Data shown Start Marker

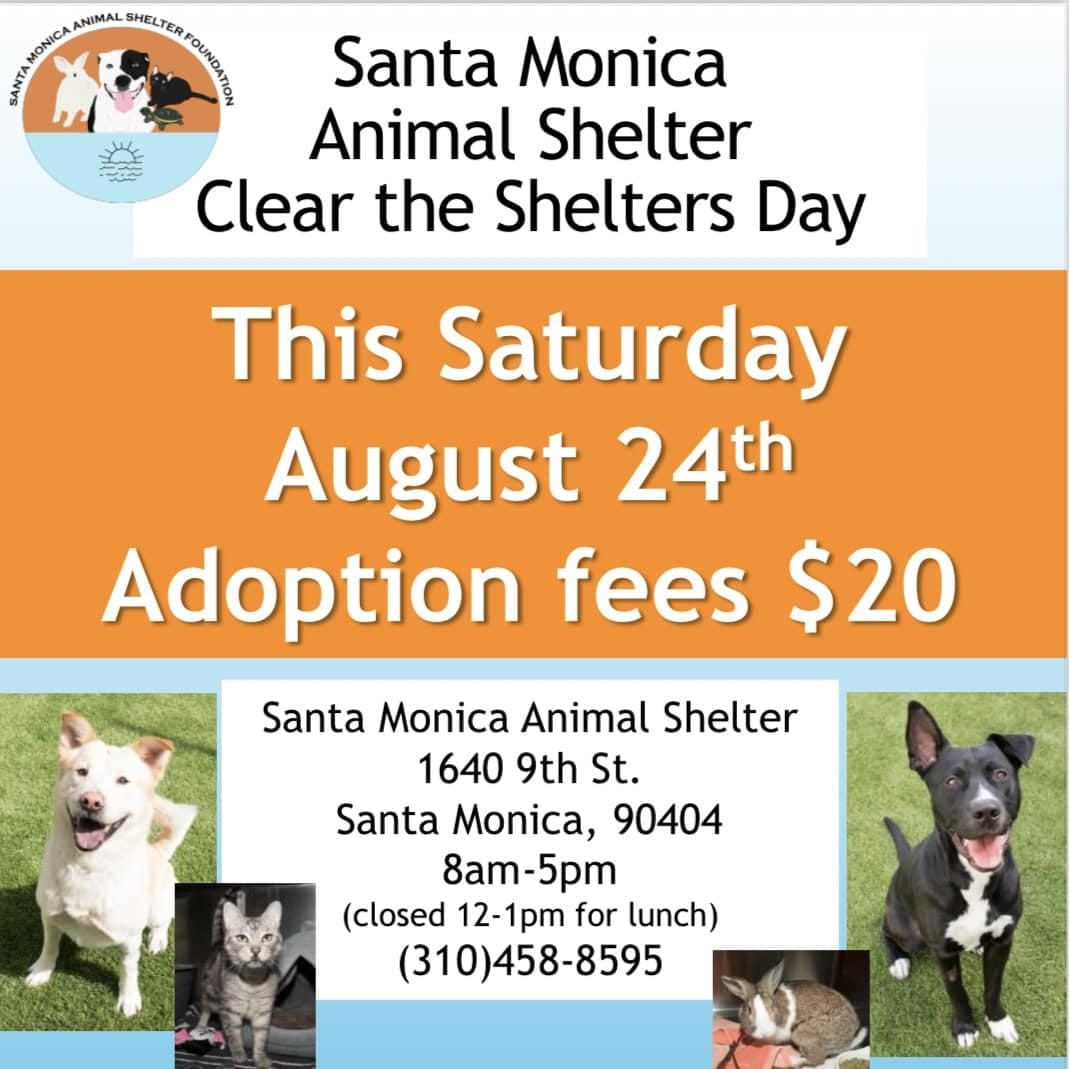 Clear the Shelter Day at the Santa Monica Animal Shelter. This Saturday, the Santa Monica Animal Shelter is hosting its annual Clear the Shelter Day, moreover the adoption rates have been lowered to just $20, so pop down to 1640 9th Street between the hours of 8-5pm and help transform the lives of all those little love bundles and you might even find your four-legged soul mate. Saturday, August 24, 1640 9th Street, Santa Monica, 8am–5pm. Would you like to know more?
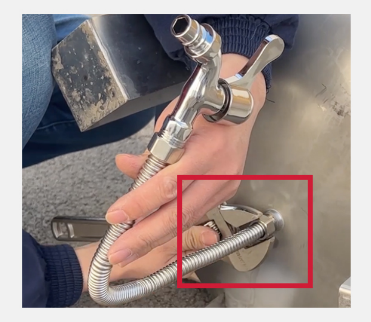 3、安裝排污口:將波紋管兩側(cè)藍色蓋帽取下,將波紋管拉直,大概三指距離彎一個直角(注意內(nèi)部密封圈不要掉了),將波紋管安裝到罐體底部的排污口,另一端也要安裝好密封圈,最后將排污水龍頭安裝好。
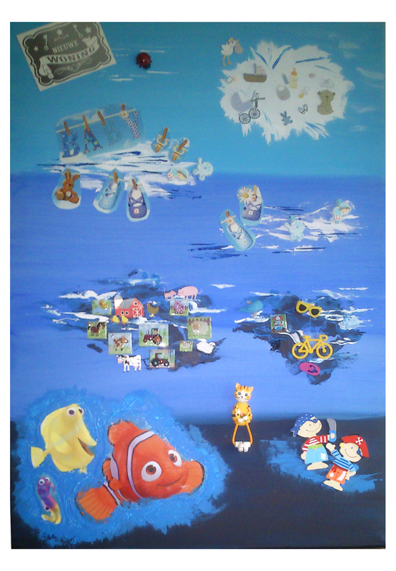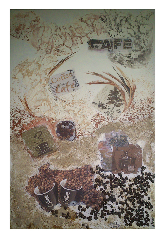 Collage mit Kaffeebohnen, Motiven und Netzen
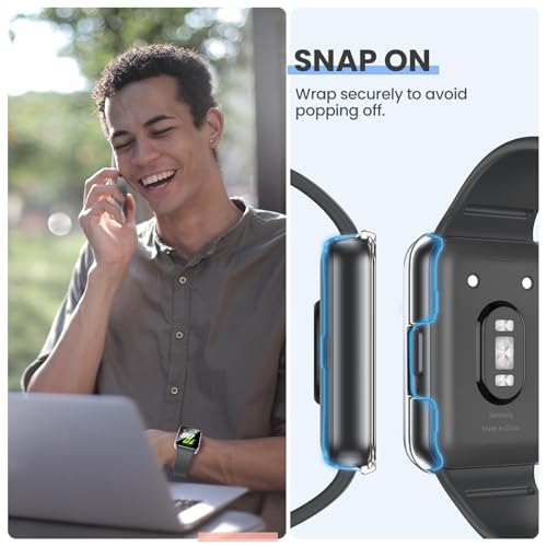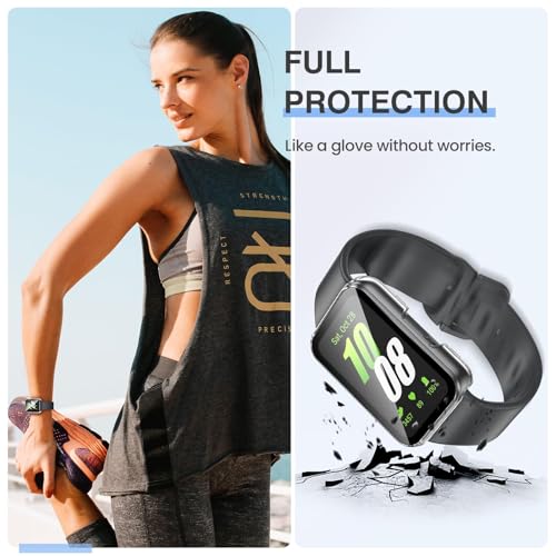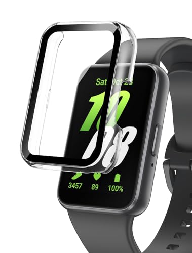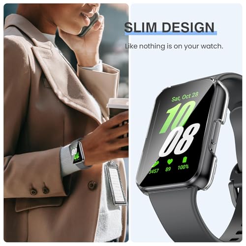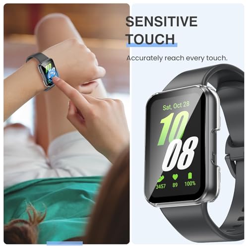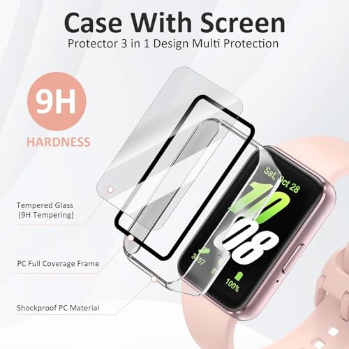 - ✅【حماية شاملة بزاوية 360 درجة】- شاشة حماية من الزجاج المقوى بدرجة صلابة 9H تحمي شاشة ساعتك، بالإضافة إلى حافظة عالية الجودة تغطي الحواف الأمامية والمنحنية بالكامل لساعة سامسونج جالاكسي فيت 3، ما يوفر حماية كاملة لساعتك الذكية من الخدوش أو السقوط أو الصدمات المفاجئة.
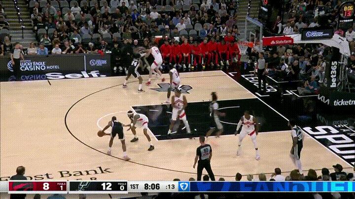 马刺超级巨星文班亚马真是让人大开眼界!在今天马刺主场迎战猛龙的比赛中,当时比赛进行到了第一节的八分多钟,文班亚马在一次进攻回合中接队友巴恩斯的传球持球强杀篮下,完成了一记让人叹为观止的空中转体上篮,带领球队继续扩大了领先优势。 文班亚马真的给人带来了无数的惊喜,他让人们看到了很多未知的东西。
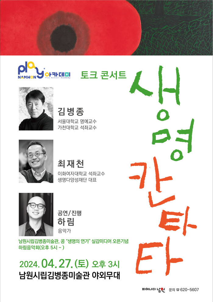 특히 이번 강연은 인문학 강연과 공연이 어우러진 Play남원 아카데미로 “생명 칸타타” 라는 주제에 맞게 남원시립김병종미술관의 자연과 함께 자연스럽고 편안한 분위기 속에서 진행될 예정이다.
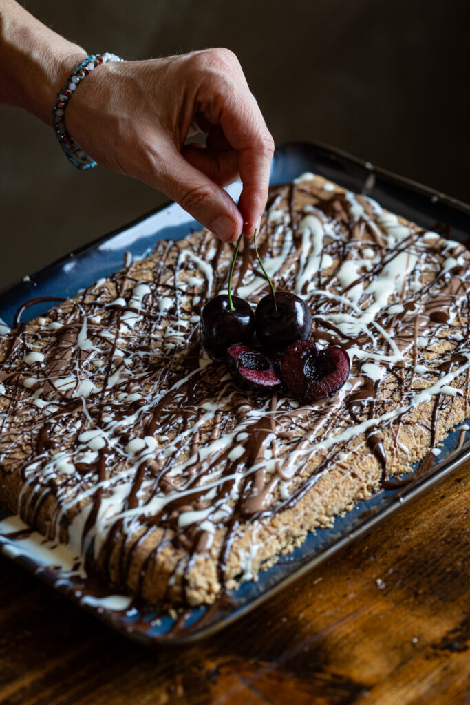 La Torta di Lodi, un dolce antichissimo a base di mandorle con la consistenza simile alla “sbrisolona”, forse solo un po’ più morbida, nonostante l’assenza di lievito. Dopo la cottura potrete sbizzarrirvi nella decorazione, io ho usato tre tipi di cioccolato fusi e versati a filo sulla superficie del dolce.

Data shown End Marker

▶ _What the exercise asks_: The required answer is the lines from the one that contains "- ✅【حماية شاملة" through the last line of the records, restated word for word, with every picture dropped.

▶ _Task result_:
 - ✅【حماية شاملة بزاوية 360 درجة】- شاشة حماية من الزجاج المقوى بدرجة صلابة 9H تحمي شاشة ساعتك، بالإضافة إلى حافظة عالية الجودة تغطي الحواف الأمامية والمنحنية بالكامل لساعة سامسونج جالاكسي فيت 3، ما يوفر حماية كاملة لساعتك الذكية من الخدوش أو السقوط أو الصدمات المفاجئة.
 马刺超级巨星文班亚马真是让人大开眼界!在今天马刺主场迎战猛龙的比赛中,当时比赛进行到了第一节的八分多钟,文班亚马在一次进攻回合中接队友巴恩斯的传球持球强杀篮下,完成了一记让人叹为观止的空中转体上篮,带领球队继续扩大了领先优势。 文班亚马真的给人带来了无数的惊喜,他让人们看到了很多未知的东西。
 특히 이번 강연은 인문학 강연과 공연이 어우러진 Play남원 아카데미로 “생명 칸타타” 라는 주제에 맞게 남원시립김병종미술관의 자연과 함께 자연스럽고 편안한 분위기 속에서 진행될 예정이다.
 La Torta di Lodi, un dolce antichissimo a base di mandorle con la consistenza simile alla “sbrisolona”, forse solo un po’ più morbida, nonostante l’assenza di lievito. Dopo la cottura potrete sbizzarrirvi nella decorazione, io ho usato tre tipi di cioccolato fusi e versati a filo sulla superficie del dolce.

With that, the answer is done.